This research evaluated the performance of the YOLOv8 X-Large model in detecting and classifying defects in underwater pipelines. The results demonstrate that YOLOv8 X-Large can effectively identify critical defects, including holes and bad welds, and balance precision and recall. This model also showed a strong performance across a wide range of pipeline defects, which was particularly reflected by its high recall rate. YOLOv8 performed well in identifying defect types, such as cracks, rust, corners, welds, flanges, and tapes. In comparison with other models, including YOLOv3 variations (SPP, Tiny, and U), YOLOv5 versions (Nano, Small, Large, XLarge, and Medium), and SSD models, the YOLOv8 X-Large model achieved higher precision and recall rates, which demonstrate its superiority in defect detection under challenging underwater conditions (Table 4). This outcome was evident in the detection of small objects, such as holes, and subtle features, such as cracks. Key architectural features of YOLOv8, such as its CSPNet backbone for efficient feature extraction and anchor-free detection, enabled its processing of high-resolution images with minimal computational overhead, which ensured the precise detection of small defects. The FPN+PAN neck facilitated multiscale detection and effectively addressed light scattering and distorted object details in underwater imagery. Altogether, these features allowed YOLOv8 to adapt well to the challenges of underwater environments, including complex backgrounds and low visibility.

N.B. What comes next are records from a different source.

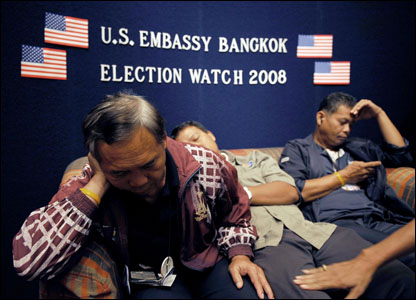 Các nhà báo Thái Lan ngồi chờ kết quả bầu cử tổng thống Mỹ tại Sứ quán Mỹ ở thủ đô Bangkok. Chênh lệch múi giờ khiến công việc theo dõi bầu cử trở nên khá mệt nhọc.
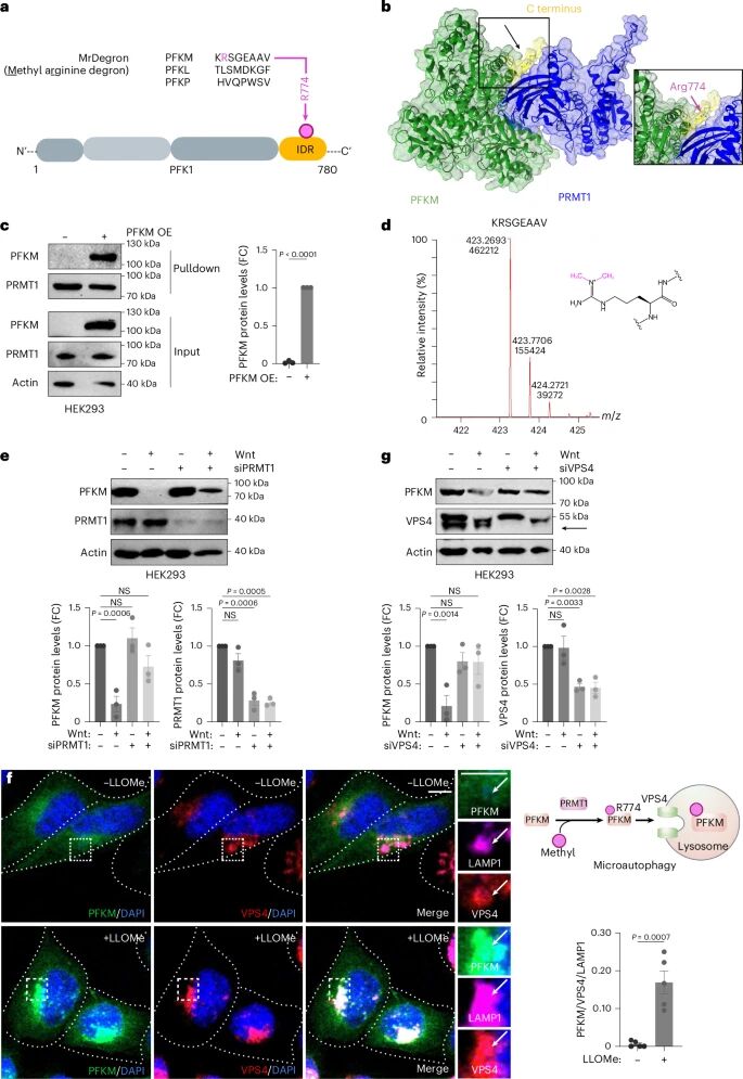 Wnt信号通过PRMT1对PFKM进行选择性甲基化,再经微自噬介导其溶酶体降解;
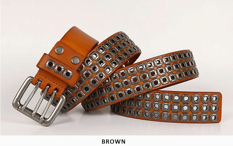 | Product Name: | Custom Cowboy Metal Eyelets Grommets Punk Studded Western Genuine Leather Belt for Men |
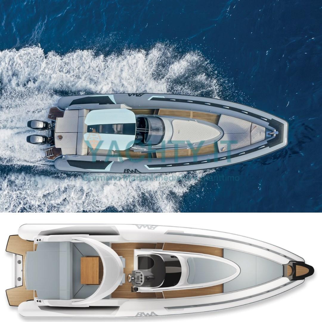 Powered by 2 x 350 hp Honda V8s, it represents the most advanced expression of the sporty maxi-RIB: high performance, stable navigation and great safety even at high speeds, combined with surprising on-board comfort.
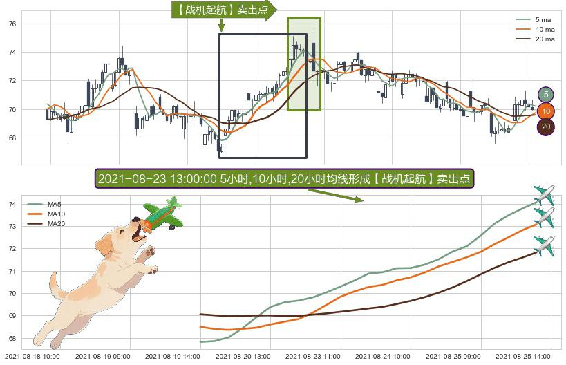 ⚀ 2021-08-19 14:00:00小时-2021-08-25 13:00:00小时显现 5小时-10小时-20小时均线 【战机起航】卖出点 看空信号,后市看跌,卖出
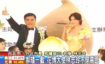 高挑的林志玲為配合郝龍斌的身高,貼心的不穿高跟鞋。 來源臺灣TVBS電視臺
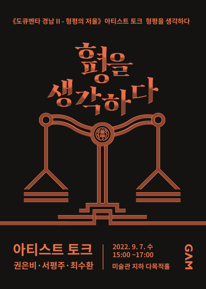 [경남도민뉴스] 경남도립미술관(관장 김종원)은 오는 9월 7일 지하 1층 다목적홀에서《도큐멘타 경남 II – 형평의 저울》전시 연계 아티스트 토크 「형평을 생각하다」를 개최한다.
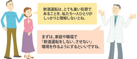 「道路交通法」では飲酒運転のほか、飲酒者への車両の提供、運転者への酒類の提供、飲酒運転の車への同乗についても禁止されています。
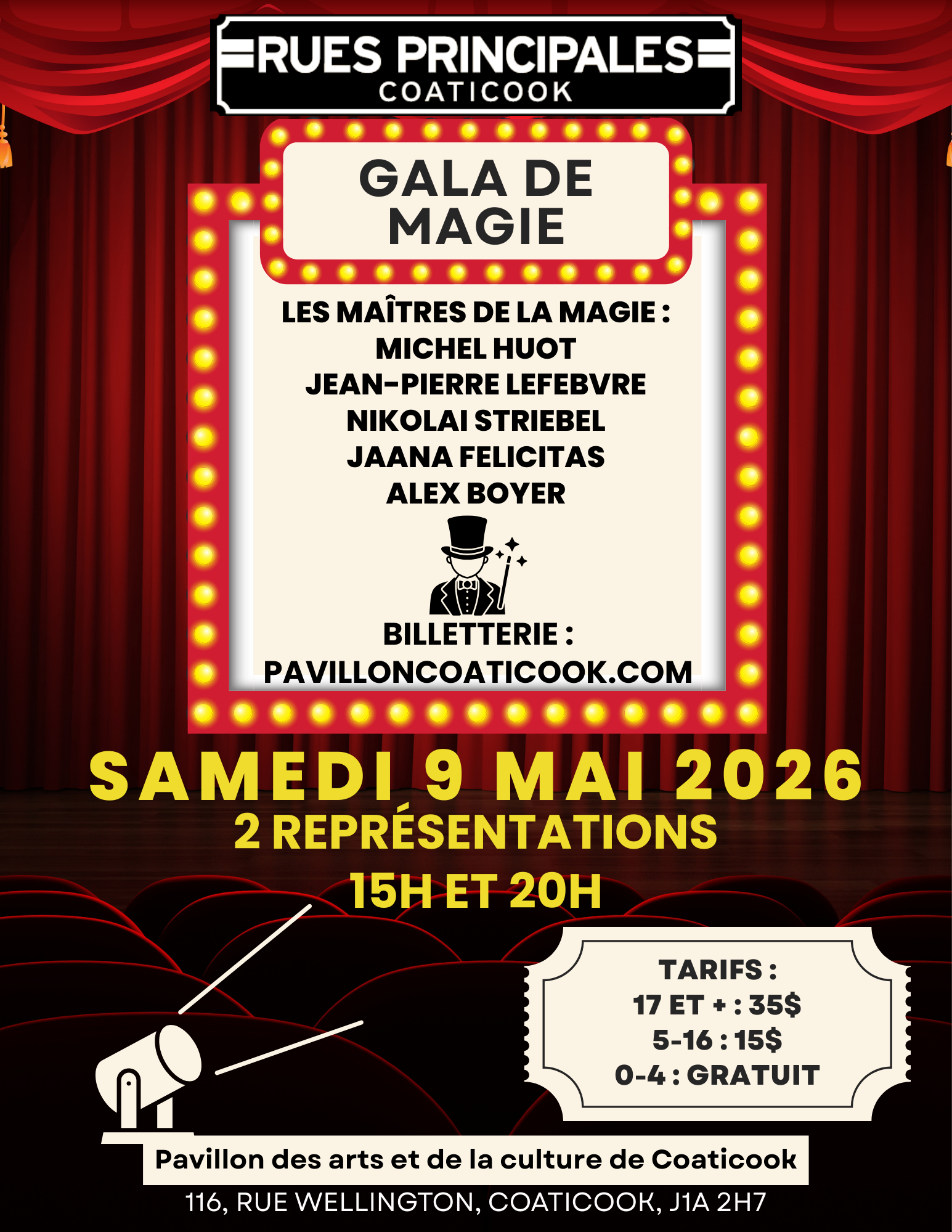 Préparez-vous à vivre une soirée spectaculaire avec des artistes d’exception! Sur scène : Michel Huot, Alex Boyer, Jean-Pierre Lefebvre, ainsi que nos invités internationaux Jaana Felicitas et Nikola Striebel, directement d’Allemagne – une occasion unique de voir ces talents d’ici et d’ailleurs réunis au même endroit! Mystère, illusion et émerveillement vous attendent… Ne manquez pas […]

This study also introduced a custom dataset on underwater pipeline defects, and it was tailored to address challenges, such as varying defect types, light scattering, and visibility issues. Although the dataset was designed for this study, it has the potential to serve as a benchmark for future research on underwater object detection. The findings of this paper not only establish a baseline performance for YOLOv8 in underwater environments but also provide insights into leveraging advanced object detection frameworks for sub-aquatic systems. CSPNet further enhanced YOLOv8's capability to represent objects in low-contrast environments, and its focal loss function prioritized the detection of subtle or rare features, such as small cracks or faint defects, which ensure robust performance under adverse conditions.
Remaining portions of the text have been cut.